— WORK INSTRUCTIONS —
Exactly reproduce the lines from the one containing "We also saw" through the last line of the data, both ends included, leaving out pictures.
(EXERCISE DATA Opens)
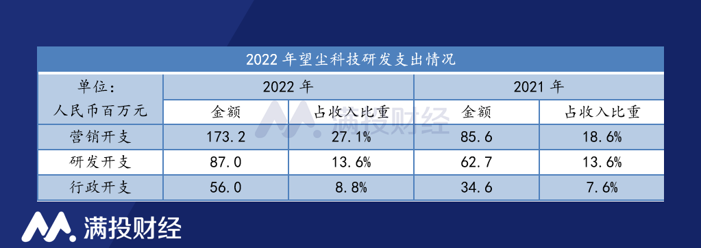 从费用端来看,2022年全年,望尘科技整体的费用支出达到3.16亿元,占收入比重从去年的39.80%提升至今年的49.60%,整体占比规模提升明显。营销开支、研发开支、行政开支的金额分别为1.73亿元、5600万元、8700万元,占收入比重较去年均有所提升。
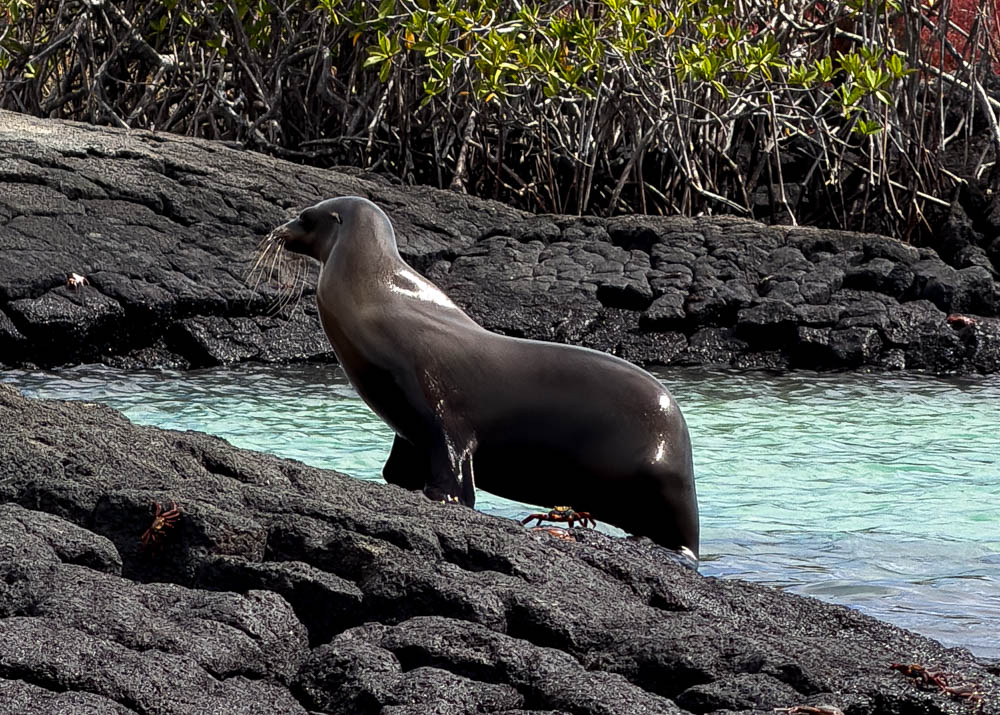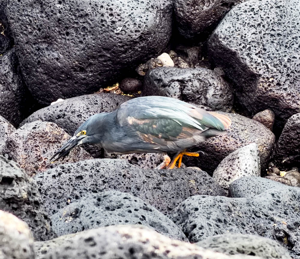We also saw a Lava Heron, which is endemic to the Galápagos. This one just caught a small crab! It’s hard to see, but it’s in his beak. With their coloring, you can see why they are named after the color of lava.
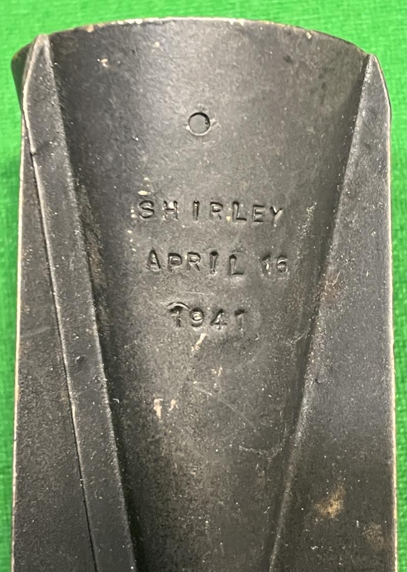 Tail fin from the standard German 1kg incendiary bomb taken as a souvenir in 1941. Now painted black with the inscription ' Shirley April 16 1941 ' stamped to the top of the fin. Shirley is part of the Metropolitan Borough of Solihull in the SE of the greater Birmingham area.
(EXERCISE DATA Closes)
— EXERCISE ANSWER —
We also saw a Lava Heron, which is endemic to the Galápagos. This one just caught a small crab! It’s hard to see, but it’s in his beak. With their coloring, you can see why they are named after the color of lava.
 Tail fin from the standard German 1kg incendiary bomb taken as a souvenir in 1941. Now painted black with the inscription ' Shirley April 16 1941 ' stamped to the top of the fin. Shirley is part of the Metropolitan Borough of Solihull in the SE of the greater Birmingham area.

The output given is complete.